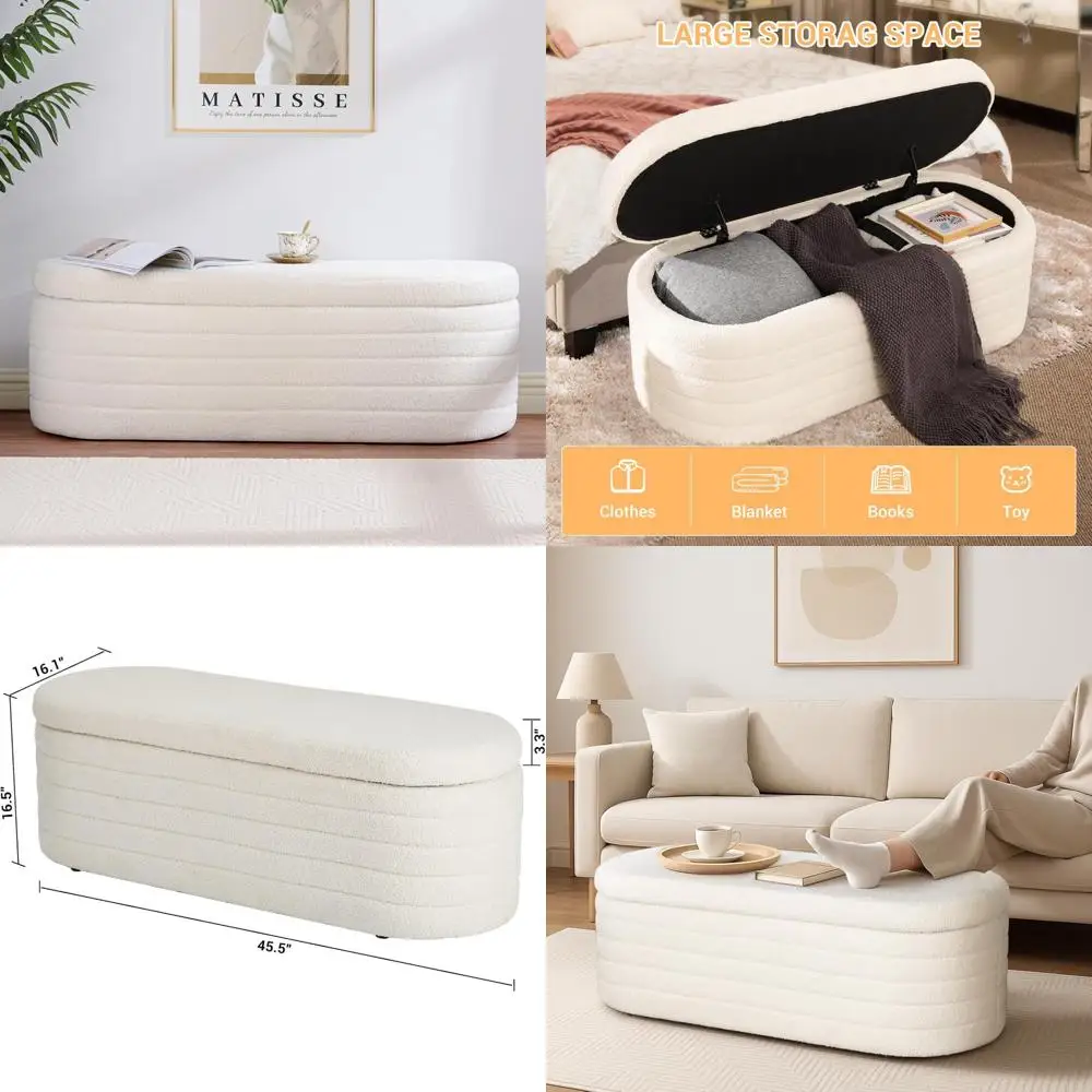 Modern Upholstered Storage Ottoman Bench, White Oval Window Seat with Safety Hinge Lid, Living Room Furniture $101.23
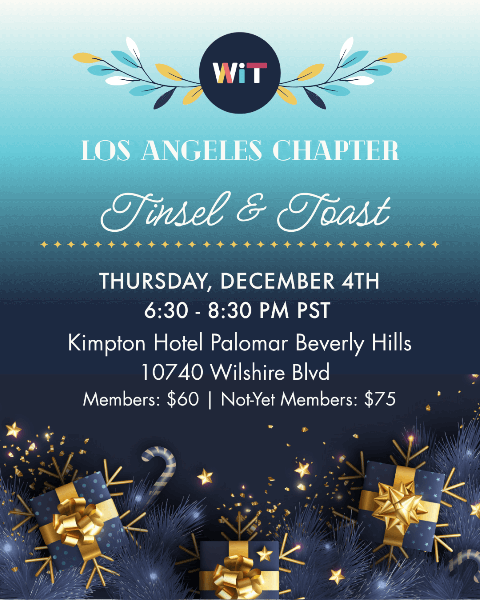 Join the WiT LA Chapter for a sparkling evening of celebration, connection and holiday cheer on Thursday, December 4th! Tinsel & Toast at the Palomar Hotel brings together our inspiring community from across our industry for one unforgettable night.
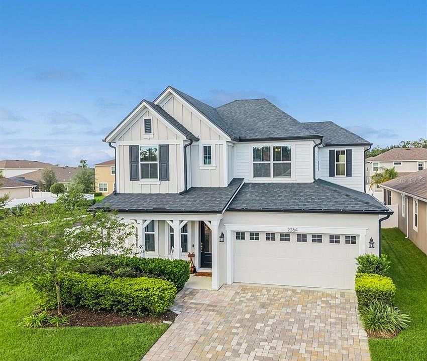 Welcome to 2264 Farnham Drive, located in Ocoee’s sought-after Preserve at Crown Point neighborhood! Built in 2020 by Mattamy Homes, and well-maintained by the original owners, is a beautiful four-bedroom, two-and-a-half-bath farmhouse-inspired residence sits proudly on a coveted corner lot. You’ll love the fully fenced backyard, generously-sized paver driveway, and two-car garage providing plenty of off-street parking. From the moment you arrive, the inviting front porch and sunny foyer set the tone for this bright, welcoming home. A convenient downstairs powder bath and versatile flex room greet you at the entrance, leading into the spacious open-concept kitchen, dining, and living areas—perfect for entertaining or everyday comfort. The kitchen features a large island, granite countertops, stainless steel appliances, and ample workspace for cooking and gathering. Upstairs, a spacious landing connects to the impressive primary suite, complete with a luxurious bath featuring a garden tub, double vanities with granite countertops, a walk-in shower, and a generously sized walk-in closet. Bedrooms two, three, and four are all comfortably proportioned and share a full bath with granite vanity. The laundry room is also conveniently located upstairs—right where the laundry originates! Step outside to your private, fully fenced backyard with a covered rear patio, offering a great space for outdoor dining or simply relaxing in the shade. This home has it all—style, comfort, and community. Residents of Preserve at Crown Point enjoy fantastic amenities, including two playgrounds, a dog park, a sparkling community pool, and direct access to the West Orange Trail. Conveniently located near Ocoee High School, Publix, Downtown Winter Garden, and the 429, this home puts everything within easy reach. 2264 Farnham Drive is the kind of home where every day feels like a Saturday—filled with sunshine, outdoor living, and the sense of community that makes life here so special. Schedule your showing today to see for yourself!
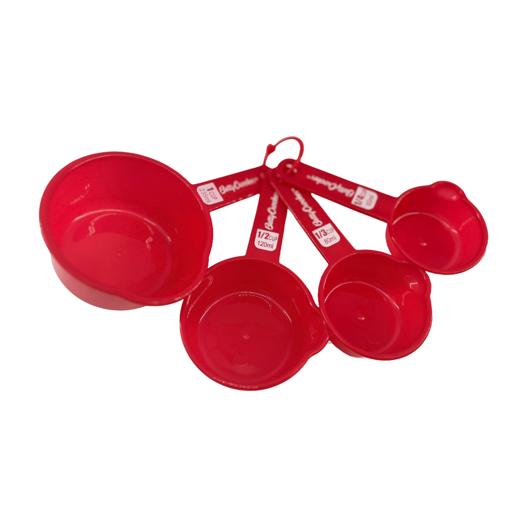 Expertly measure ingredients with Betty Crocker Measuring Cups. Made from durable plastic, these cups feature easy-to-read measurements for accurate cooking and baking. With a professional and precise design, create delicious dishes every time.
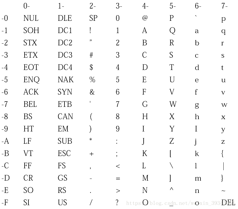 美国信息交换标准码(ASCII:American Standard Code for Information Interchange)起始于50年代后期,最后完成于1967年。开发ASCII的过程中,在字符长度是6位、7位还是8位的问题上产生了很大的争议。从可靠性的观点来看不应使用替换字符,因此ASCII不能是6位编码,但由于费用的原因也排除了8位版本的方案(当时每位的储存空间成本仍很昂贵)。这样,最终的字符码就有26个小写字母、26个大写字母、10个数字、32个符号、33个句柄和一个空格,总共128个字符码。ASCII现在记录在ANSI X3.4-1986字符集-用于信息交换的7位美国国家标准码(7-Bit ASCII:7-Bit American National Standard Code for Information Interchange),由美国国家标准协会(American National Standards Institute)发布。图2-1中所示的ASCII字符码与ANSI文件中的格式相似。

▶ TO DO: Leave out any pictures, please, and quote only the lines from the top of the data through the line that contains "Join the WiT".

▶ EXERCISE ANSWER:
 Modern Upholstered Storage Ottoman Bench, White Oval Window Seat with Safety Hinge Lid, Living Room Furniture $101.23
 Join the WiT LA Chapter for a sparkling evening of celebration, connection and holiday cheer on Thursday, December 4th! Tinsel & Toast at the Palomar Hotel brings together our inspiring community from across our industry for one unforgettable night.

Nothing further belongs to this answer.